Working with results
Every workflow writes JSON Lines: one file per app, one JSON object per line. JSONL is append-safe, streams well at corpus scale, and loads directly into pandas. Every record carries provenance — the input path, the workflow name, the toolkit version, and a timestamp — so any number in a paper can be traced to the run that produced it.
Loading a corpus into pandas
import json, pathlib
import pandas as pd
records = []
for path in pathlib.Path("results").glob("*.metadata.jsonl"):
with open(path) as fh:
records.extend(json.loads(line) for line in fh)
df = pd.DataFrame(records)
From there, typical questions are one-liners. Which A/B frameworks are most common across the corpus:
df.explode("ab")["ab"].value_counts()
Language coverage per app (the localisation field holds
[language, region, device] triples):
df["languages"] = df["localisation"].apply(
lambda locs: sorted({l[0] for l in locs}))
Tracking change across versions of the same app — the core app-histories move — groups on the package name and sorts by version code:
history = (df.sort_values("version_code")
.groupby("pkg")["ab"].apply(list))
The flows graph
Each *.flows.jsonl record contains a graph (nodes and links), a
summary, and sankey edges ready for plotting libraries. Every link
carries its evidence:
rec = json.loads(open("results/MyApp.flows.jsonl").read())
for link in rec["graph"]["links"]:
if link["kind"] == "feeds":
print(link["source"], "->", link["target"],
link["score"], link["evidence"]["keywords"])

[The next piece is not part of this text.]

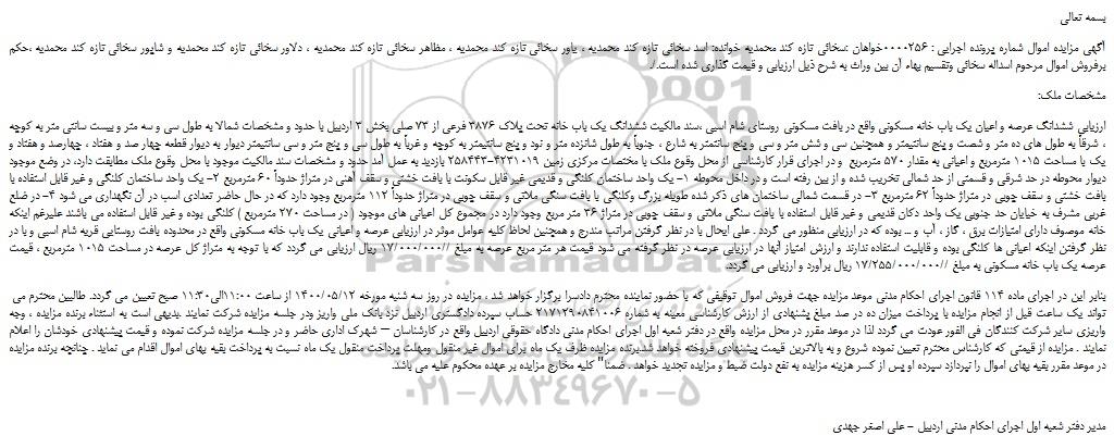 آگهی مزایده اموال شماره پرونده اجرایی : 0000256خواهان :سخائی تازه کند محمدیه خوانده: اسد سخائی تازه کند محمدیه ، یاور سخائی تازه کند محمدیه ، مظاهر سخائی تازه کند محمدیه ، دلاور سخائی تازه کند محمدیه و شاپور سخائی تازه کند محمدیه ،حکم برفروش اموال مرحوم اسداله سخائی وتقسیم بهاء آن بین وراث به شرح ذیل ارزیابی و قیمت گذاری شده است./.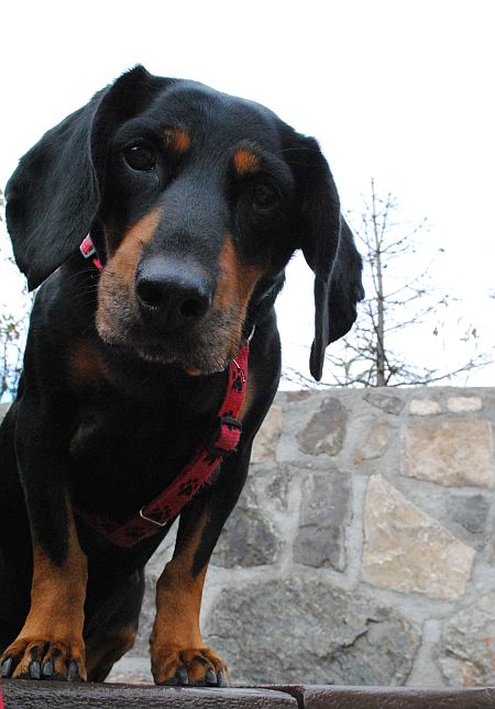 Melutek coraz lepiej, z czasem pokonuje kolejne lęki. Zdarza jej się np. przykucnąć i niespodziewanie zrobić siczek w miejscu w którym jeszcze z 2 miesiące temu by się w życiu nie wysikała (bo go nie zna, bo za daleko od domu, bo jakieś podejrzanie straszące, bo, bo, bo). Moja mama, która nie ma jej na co dzień, mówi, że Melanka bardzo się zmieniła. Sami widzimy, że zmiana jest duża. Np. jeszcze kilka miesięcy temu jak coś ją przestraszyło albo się zestresowała to potrafiła być zepsuta przez min. całą dobę. A ostatnio jak wracaliśmy do domu i już pod blokiem byliśmy to jakiś debil z naszego osiedla strzelił ze śrutówki. Łomot był ogromny, Melan się przestraszył - ogon podkulony, wzrok obłędny, uszy stulone. Ale już jak czekaliśmy na windę zaczęła odpuszczać i wyluzowywać (z małą moją pomocą ;)) Dawniej w ogóle nie byłoby z nią kontaktu przez przynajmniej kilkanaście minut. Czyli generalnie jest dobrze! A duzi? Duzi niestety mają cała masę kłopotów, większych i mniejszych.Życie nadal na nas uwzięte i nie odpuszcza od kilku lat. Ale jakoś dajemy radę. Mam troszkę fotek, muszę zacząć sukcesywnie wrzucać. Dzisiaj trzy. Widac na nich dobrze, jaka jasna plamka zrobiła się Meli na nosie. Kilka miesięcy temu była tyciutka, z czasem powiększa się coraz bardziej, pojawiąją się kolejne. Zaczynam podejrzewać bielactwo...

The score is an evidence count, not a probability: a link backed by
an API reference, two keywords, and a corroborating permission scores
higher than one backed by a single keyword, and the evidence lists let
you audit exactly why a link exists. When reporting findings, audit a
sample of links by hand first.
Errors and skips
A failed app produces <app>.<workflow>.error.jsonl containing the
input path and a traceback, rather than halting the batch. Count and
inspect them before analysis:
ls results/*.error.jsonl | wc -l
A healthy corpus run ends with a summary line on stderr, e.g.
done: {'ok': 9961, 'skipped': 0, 'error': 39}. Skipped means an
output file already existed (resume behaviour); errors deserve a look —
malformed APKs and truncated downloads are the usual causes.
Visualising
For a quick per-app picture, the Sankey viewer renders any flows or listening result file in the browser with no setup.
Analysing an APK in a notebook
The CLI is the batch path, but for ad-hoc analysis in a notebook or
script the analyse module gives one-call entry points that do the same
ingestion (split-APK merging, DEX URL extraction including
runtime-assembled URLs):
from cim_app_histories.analyse import analyse_flows, analyse_listening
graph = analyse_flows("MyApp.apk") # input -> module -> endpoint graph
listening = analyse_listening("MyApp.apk") # audio chain with parameters
graph["summary"], graph["warning"] if "warning" in graph else None
Both return the same structures the CLI writes, including a warning
key when the file looks like an incomplete App Bundle base.